Tanpa pikir panjang, tiba-tiba DP BPIP; Profesor Megawati mengucapkan selamat atas 100 tahun berdirinya PKC/ Partai Komunis China. Apa digaji Rp.100 juta dari uang rakyat buat omong begitu-begitu doang?
Ya, tiada yang menafikan, bila Pancasila sebagai ideologi terbuka. Tapi saking terbukanya itu, tidak sama dengan bugil.
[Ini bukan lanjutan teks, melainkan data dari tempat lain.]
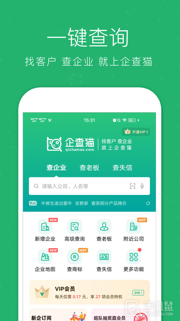 企业查询:支持企业名或人名等关键字的智能搜索,可一键查企业、查老板。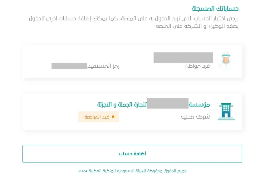 بعد تفعيل حساب الشركة، سيتم إضافة حساب الشركة الى حساباتك المسجلة، وسيكون حسابك شركتك قيد المراجعة لمدة 5 أو 10 دقائق.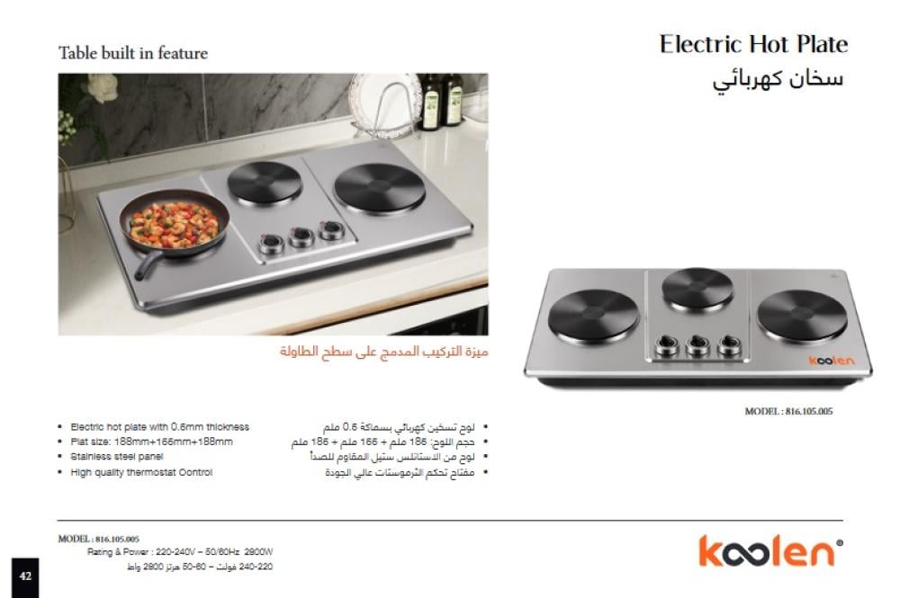 طباخ كهربائي مسطح كولين 3 عين حجر 2800 واط - 816105006

Inklusivitas Pancasila ada pada kesamaan prinsip-prinsip kesetaraan dan kemanusiaan.
Apa ibu profesor plus DP BPIP ini tak punya empati atas pemberangusan secara sadis terhadap etnis muslim Uighur oleh rezim komunis Xi Jinping? Jelas-jelas; dehumanisasi itu bertentangan dengan prinsip-prinsip universal Pancasila dan UUD 1945, yang mana profesor Mega sebagai orang yang digaji negara/bulan Rp.100 juta untuk urus Pancasila dan UUD 1945.
Sebagai DP BPIP, seyogyanya profesor Megawati mafhum, bahwa TAP MPR tentang larangan ajaran komunis itu belum hilang atau diamandemen. Dengan demikian, biar kaki jadi kepala, kepala jadi kaki, pun tiada tempat bagi paham komunis.
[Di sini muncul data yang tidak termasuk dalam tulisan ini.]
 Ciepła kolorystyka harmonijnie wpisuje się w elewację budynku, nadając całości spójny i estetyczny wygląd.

Ibarat kata, komunis itu pernah hendak MEMBEGAL PANCASILA. Sebagai DP BPIP, ibu profesor mesti tahu sejarah itu. Dan ditempatkan di palung hati sebagai kencahnya sejarah ideologi bangsa. Pasal komunis membegal Pancasila itu tercatat lengkap hari, tanggal, bulan, tahun pun jam, menit dan detiknya.
Ihwal komunis membegal Pancasila itu telah menimbulkan trauma yang dalam bagi kehidupan bernegara kita. Memakan korban banyak. Maka luka lama itu jangan dikorek-korek, bila tak ingin infeksinya lebih parah.
Tapi emang itulah tabiat dasar, beliau pun dalam beberapa pidatonya hendak mengacak-acak Pancasila dengan Ekasila atau apalah itu. Dia obok-obok struktur nilai dari Pancasila.
Digeserlah sila ketuhanan dari posisinya sebagai sentrum daripada ideologi Pancasila. Sebagaimana proyek ideologi dalam RUU HIP. Pada pasal 7 RUU HIP ini, dimensi “ketuhanan” menjadi sub sistem nilai yang setara dengan kemanusiaan, kesatuan, kerakyatan/demokrasi politik dan ekonomi.
Padahal, sejatinya, kemanusiaan, kesatuan, kerakyatan/demokrasi politik dan ekonomi adalah refleksi dari nilai-nilai “ketuhanan.” Sebagai fundamental value-nya. Jadi dia tidak equal secara konsepsinya. Sumber nilai dan akibat derivatif itu berbeda secara stand poin konsep.
Jadi barang ini jangan diplintir ke sana kemari. Karena ibarat kata, Pancasila ini menjadi suatu engagement atas KONTRAK SOSIAL POLITIK bangsa Indonesia. Kalau masih senewen dan sok-sokan mengutak atik PANCASILA, maka bisa berabe.
Teringat lah saya akan buku Anthony Giddens berjudul Beyond left and Right. Bahwa yang Komunis dan Kapitalisme global sama-sama telah menimbulkan duka kemanusiaan secara mondial. Beyond Left and Right, buat apa ibu profesor DP BPIP yth masih sok-sokan?